拋火壺,姑且這樣稱呼韓軍步兵投擲的那些裝滿了火油的瓦壺。


    這種拋火壺比直接投擲的好處在於,它的投擲距離更遠,韓兵們往往在十幾二十幾丈外便可直接投擲,算是變相地減低了被武罡車上魏軍弩兵直接用弓弩擊斃的幾率。


    麵對著韓軍的這種火攻戰術,肅王軍的武罡車當即變成了靶子,它那一丈五高、近一丈四闊度的擋板,使得韓兵甚至不用刻意瞄準,就能準確地命中目標。


    這個變故,導致魏軍先鋒軍的武罡車起火情況明顯劇增,亦讓趙弘潤的眉頭深深皺了起來。

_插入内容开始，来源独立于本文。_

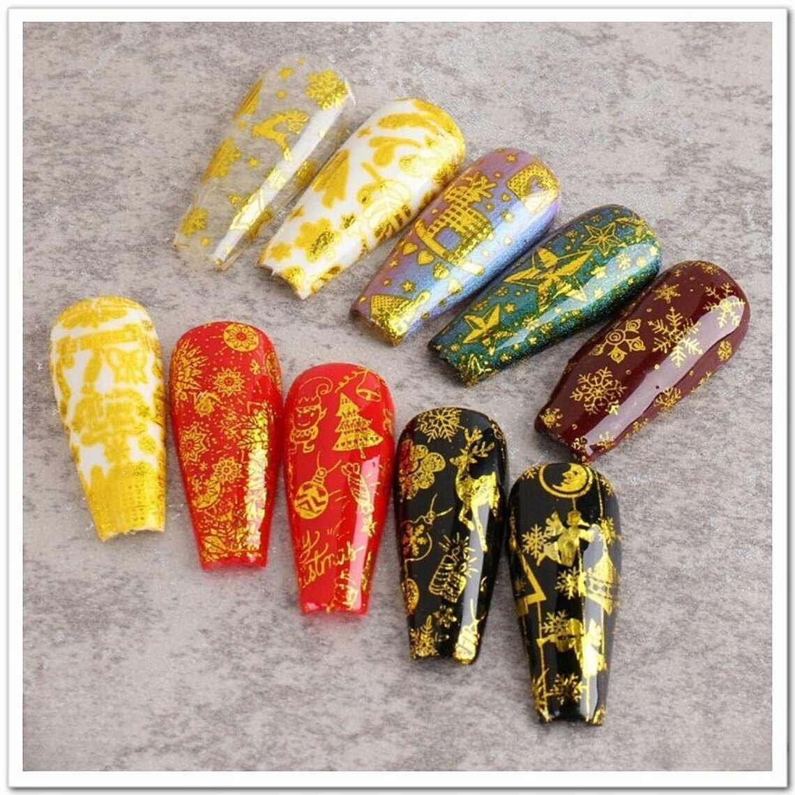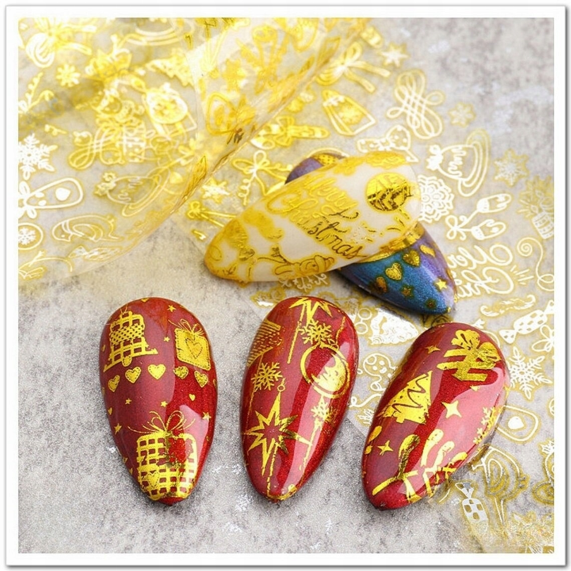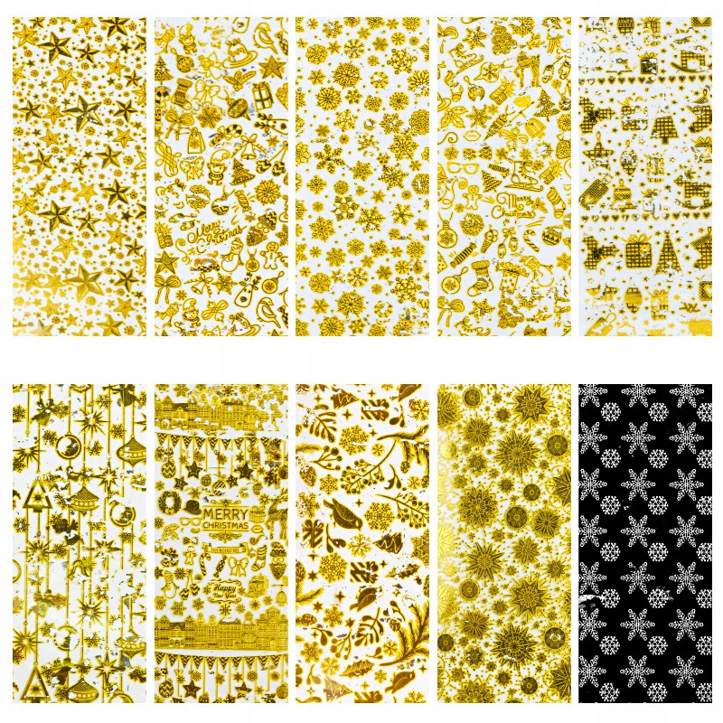 10× ZLATA BOŽIČNA FOLIJA ZA PRENOS NOHTOV 100 cm x 4 cm PRAZNIČNI KOMPLET Celoten opis

    不可否認,絕大多數起火的武罡車,目前隻是擋板外沿在燃燒,但可以預想,讓這股難以撲滅的火勢燃毀整塊擋板時,那麽這輛武罡車差不多也應該報廢了。


    一壺火油,換一輛武罡車,這筆賬趙弘潤怎麽算都感覺吃虧——就算他並不看重武罡車的造價,這種武罡車好歹是由冶造局的工匠打造出來的,耗費材料、耗費人工,似這般簡簡單單就被韓軍士卒點燃,趙弘潤心中自然是難以接受的。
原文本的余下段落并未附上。